UMPC Power Management: Origami Project


Q1_powerOver at The Origami Project team blog, Ross provides some useful insights to UMPC battery management; the approach is really geared towards Vista machines, but you can certainly apply the concepts to UMPCs running Window XP Tablet Edition 2005. Ross also created a Vista Sidebar gadget to help you get a better read on your battery life; you can download that right here.

Some personal modifications to Ross’s great thoughts: I routinely keep my screen backlight to the lowest setting that I can use. I also take advantage of different power settings between an AC profile and a battery situation. If I know I’m not going to use my Bluetooth keyboard for any length of time, I’ll actually disable the Bluetooth radio in Device Manager. I set my power button to put my device in Standby and I use it often. What tips would you add?


Lorie Ghamy

I use Process Tamer (free) to control low or high process prioriy in Widows XP (5 step availables). High for video and audio, and low or near for Explorer, XnView or Firefox.

The 2.00.15 (more hard to find than the newer) no needs of the code every 6 month. It’s nice to conserve audio or video fluidity while making anithing else !

And i use the external battery from Samsung for more Power !

Steve Paine

1 min screen blank, 3 min HDD spin down and 5-10 mins standby (depending on my device.)
Lowest backlight setting.
Wifi off on startup (from standby) and don’t leave USB devices attached.

Make sure you look for a LED backlit screen when choosing a UMPC. This is the BIG power saver. USB Wifi modules can be pretty heavy drains too. 2-3 watts is not uncommon for a cheap wifi module. N800 has a very impressive wifi module. Strong and low power.



I turned the Wifi in the Bios from ALWAYS ON to OFF..
It’s easy to turn on from menu when needed.

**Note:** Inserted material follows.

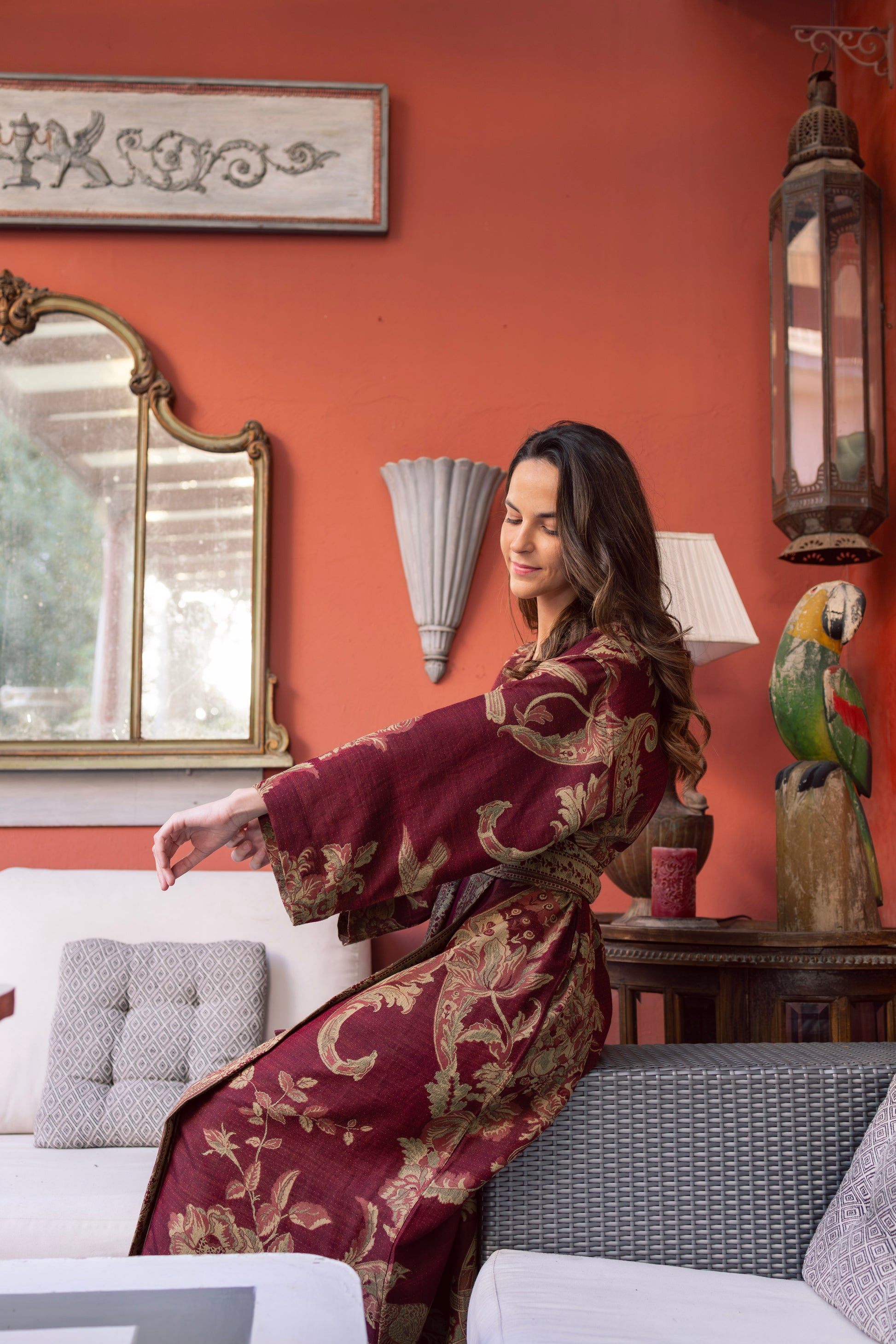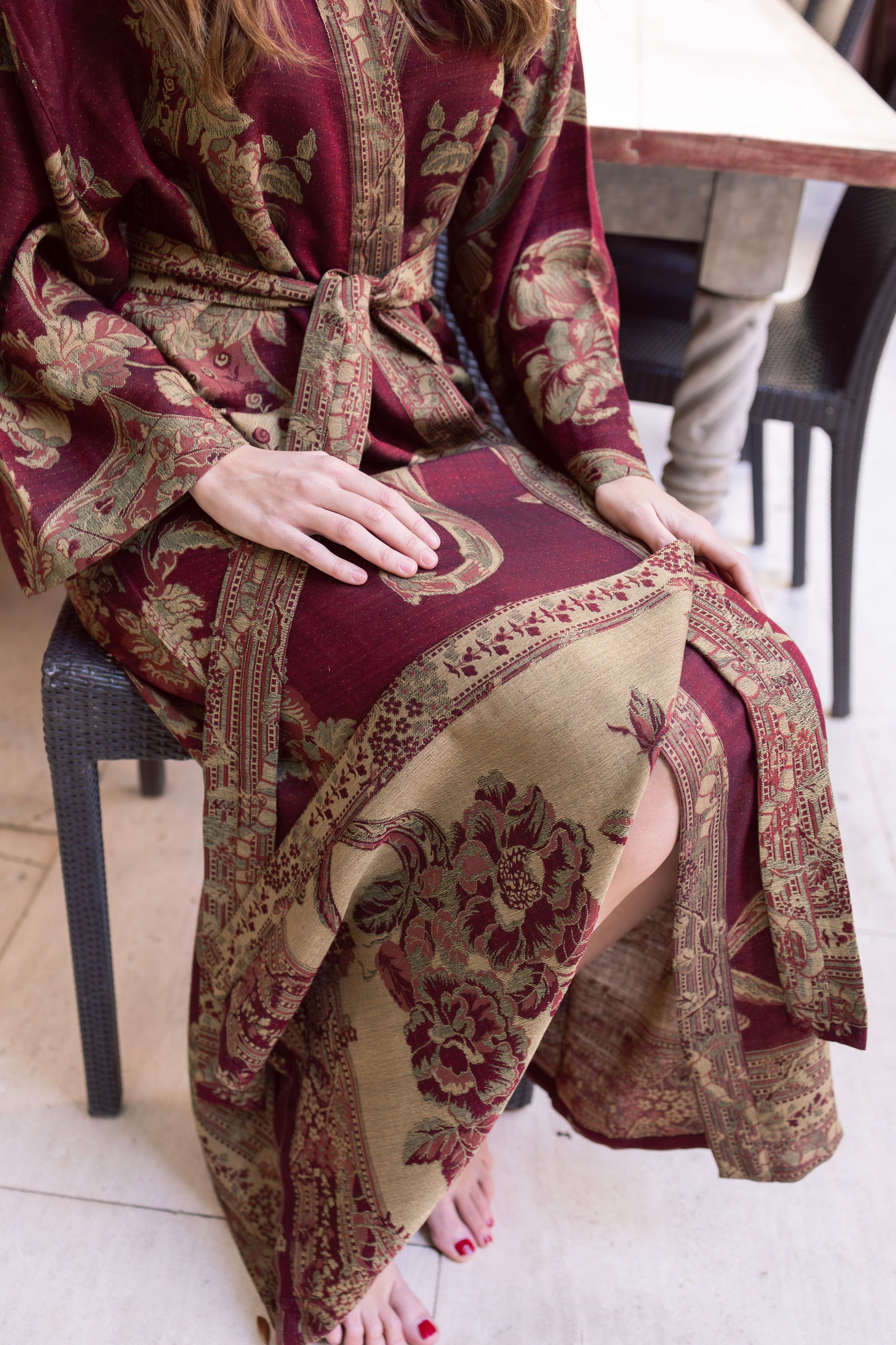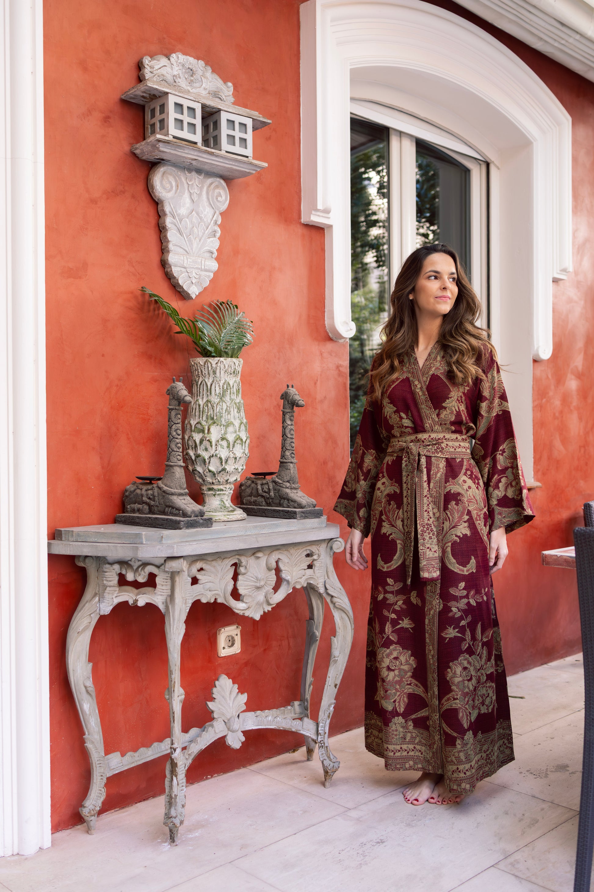 Devika es una bata con carácter, envolvente y con un encanto sereno que invita a contemplarla. Confeccionada en una mezcla premium de 70% cashmere y 30% seda, ofrece un tacto suave y agradable junto a una capacidad de abrigo excepcional pese a su ligereza.

Actually, Citanic, Because of the way lcds work, that would actually use more power than setting the screen to all white. This is because lcds block certain colors of the white light to create the color you see. Since black is the absence of light, the screen is turning all transistors in the screen on to block the light. The point is moot, however, because the difference in power consumption due that what is on the screen is negligible. The lcd screen itself uses very little power. The backlight is what uses the huge majority of the power.

Ok, on to my tip. I have my screen set to turn off and my hard drive set to spin down after a short time (1 min for the screen and 5 min for the hard drive) and I have it set so my system goes into standby in ten minutes. When I’m using my tablet I almost always have the pen at the screen so I don’t really have issues with the screen turning off when I’m trying to read it.